Done:
- write a clean joystick interface: 4 axes with 16-bit precision, 12 buttons (no PS3 button yet), and a hat (d-pad). This uses the excellent LUFA framework from Dean Camera.
- configure an interrupt for the serial reception (great tutorial from Dean Camera)
- write a RS232-capable emu process (docs).
- write a new Sixemugui
- 2ms update period = 500Hz update frequency (same as my G500 mouse) – not sure the PS3 can drive a usb device at that speed – not sure running as fast is relevant considering the Linux latency
- measured worst latency between a usb packet received by the PC from a peripheral (like a mouse) and the usb packet received by the device the joystick is connected to (for easiness, the PC – should be the PS3) is about 4.7ms, average latency is about 3.6ms
Notes:
- It’s probably better to avoid connecting both the mouse and the USB to serial device to the same usb bus.
- A kernel with realtime capabilities could probably lower the worst latency.

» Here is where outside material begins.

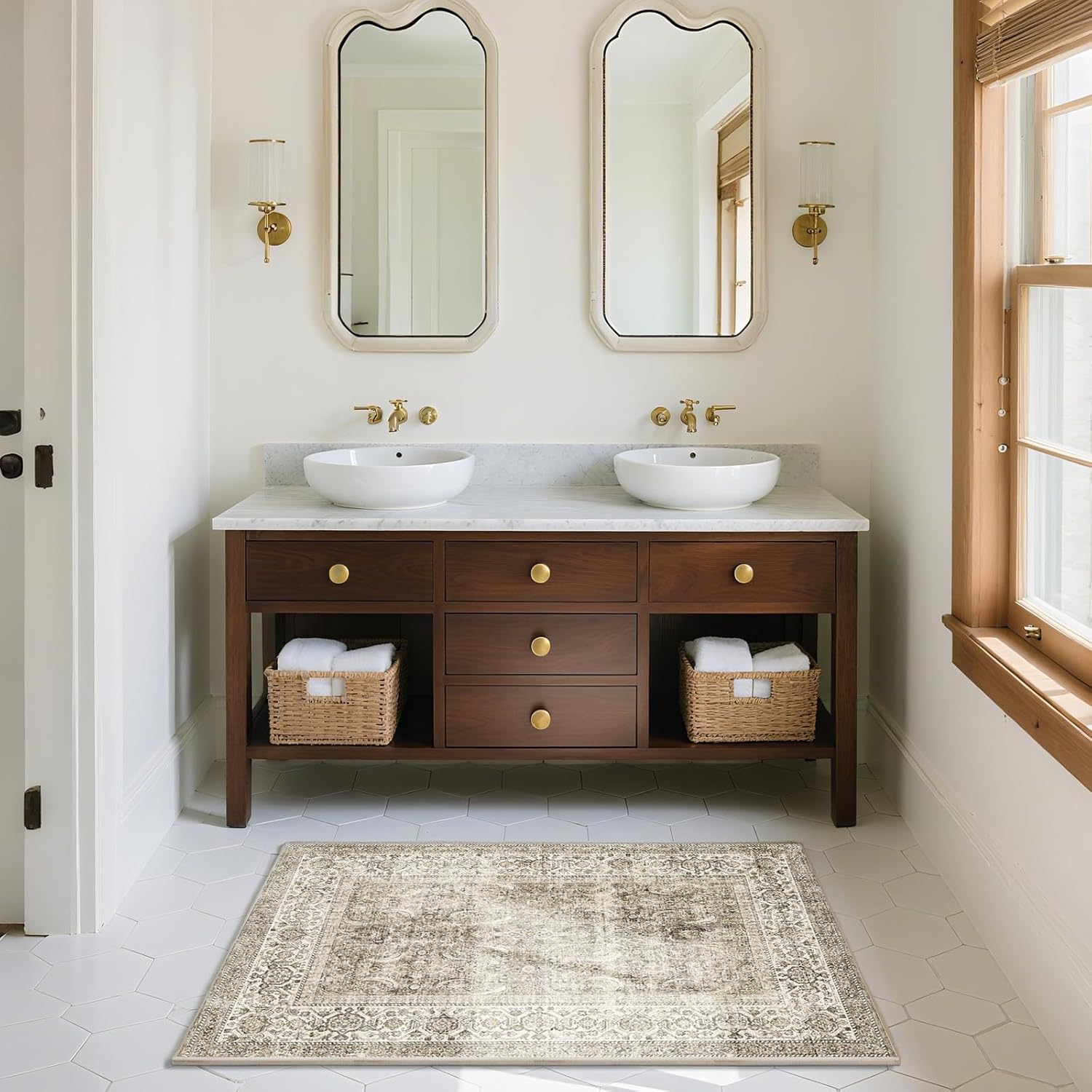 Machine Washable Small Rugs for Kitchen: Door Mat Indoor Entrance 2x3 Throw Rug Stain Resistant Non-Slip Low Pile Soft Carpets for Entryway Front Door Indoor Entrance Entry Bedroom
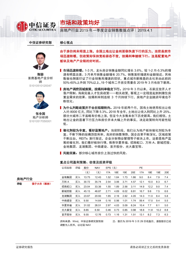 【中信证券】【20190401】房地产行业2019年一季度企业销售数据点评:市场和政策均好-7页

- It’s not good to work at a frequency higher than the mouse frequency (no mouse report in the last period => stick is set to the center => jerky movements).
- The dead zone
doesn’t seem to beis proportional to the max absolute axis value. - The report period is probably not constant without a realtime kernel (2ms is probably too low considering the Linux latency).
- For performance reasons, emu & emuclient could be merged in a single process.